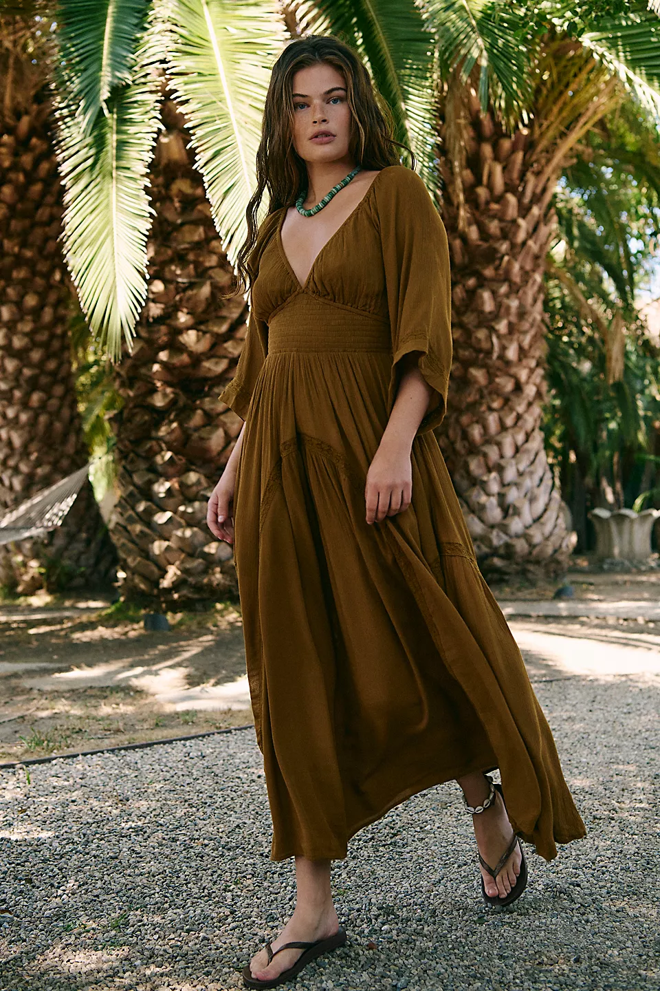 Moon River Bubble Sleeve Smocked Midi Dress, $, available at Tuckernuck
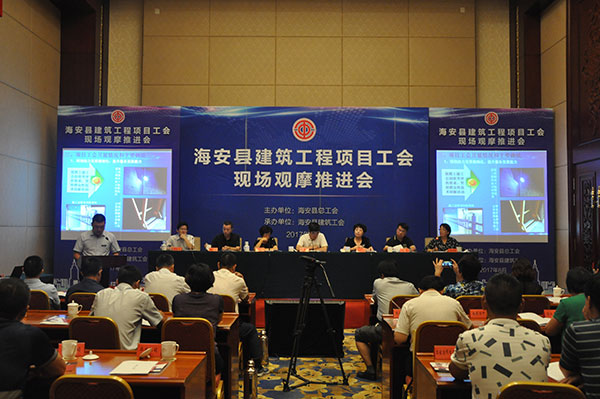8月18日,海安縣建筑工程項(xiàng)目工會現(xiàn)場觀摩推進(jìn)會在石家莊太行國賓館召開。縣委常委、宣傳部部長嚴(yán)長江、市總工會副主席楊嘩娟、市建設(shè)局副局長楊娟、市建設(shè)行業(yè)工會主席朱小成、縣總工會黨組書記、副主席柴寶清、縣建管局局長賈伯根、副局長、工會主席徐培鴻等領(lǐng)導(dǎo)出席了會議。達(dá)欣集團(tuán)董事、副總經(jīng)理?xiàng)铎o、工會副主席吉春勤以及全縣一級資質(zhì)以上的建筑企業(yè)工會主席、海安駐石建筑企業(yè)部分代表100多人參加了會議。
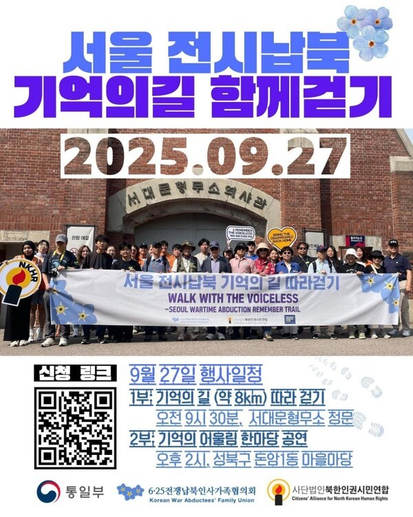 북한인권시민연합과 6·25전쟁납북인사가족협의회가 한국전쟁 납북 피해 75주년을 맞아 ‘서울 전시납북 기억의 길 함께 걷기’ 행사를 열었다. 납북자들이 끌려가던 길을 직접 걸으며 역사적 비극을 되새기고 피해자 가족들과 교류하는 자리다.
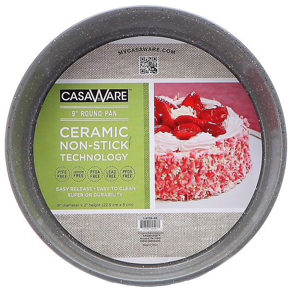casaWare Ceramic Coated NonStick 9-Inch Round Pan, Silver Granite
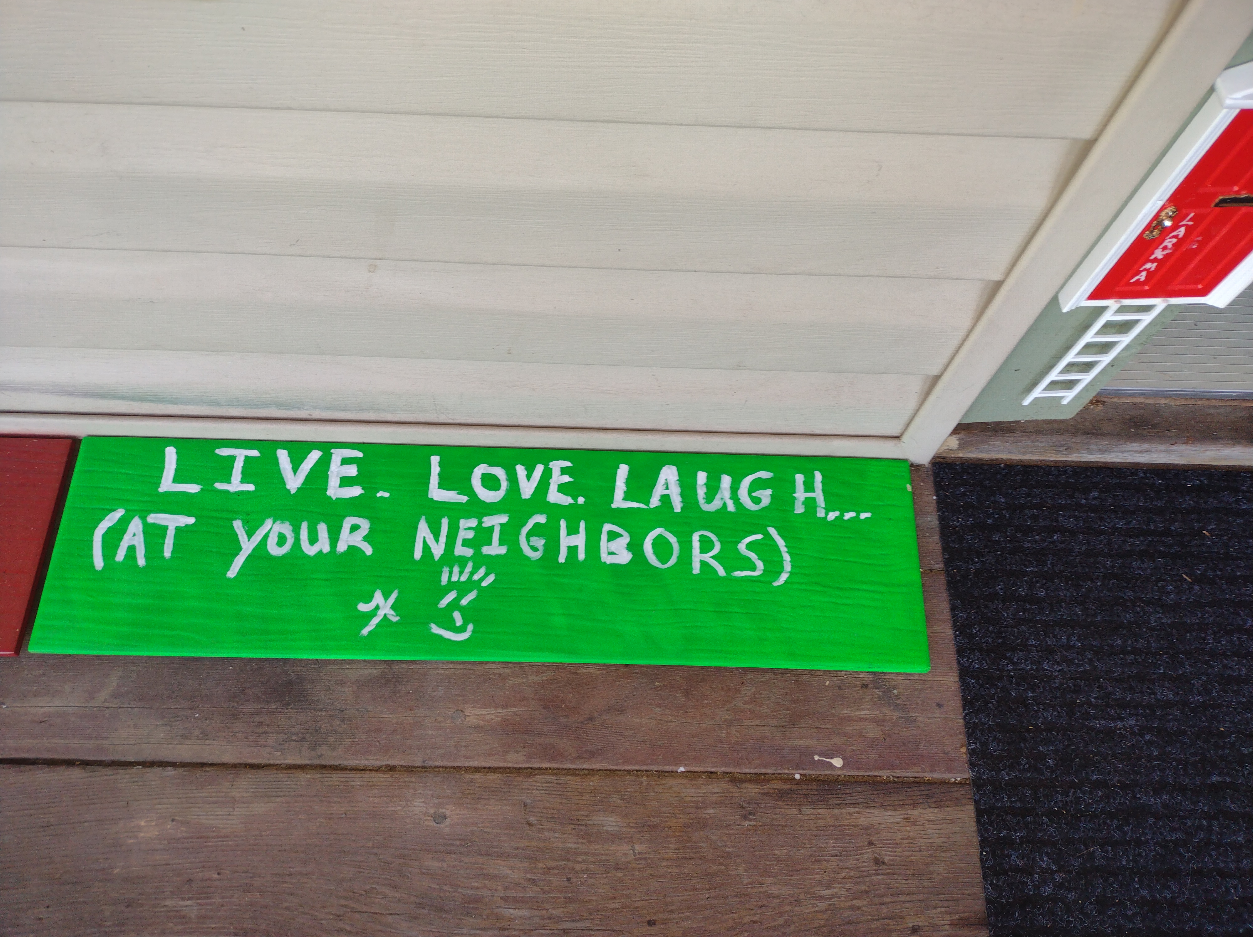 Someone wrote me and said, “I can’t believe you don’t have pithy sayings written on any of your painted tiles on the landing outside the apartment.”

*Work instruction*:
Your reply should give again exactly the lines from the one with "북한인권시민연합과 6·25전쟁납북인사가족협의회가 한국전쟁" through the last line of the data, with both ends included and pictures left out.

*Written answer*:
 북한인권시민연합과 6·25전쟁납북인사가족협의회가 한국전쟁 납북 피해 75주년을 맞아 ‘서울 전시납북 기억의 길 함께 걷기’ 행사를 열었다. 납북자들이 끌려가던 길을 직접 걸으며 역사적 비극을 되새기고 피해자 가족들과 교류하는 자리다.
casaWare Ceramic Coated NonStick 9-Inch Round Pan, Silver Granite
 Someone wrote me and said, “I can’t believe you don’t have pithy sayings written on any of your painted tiles on the landing outside the apartment.”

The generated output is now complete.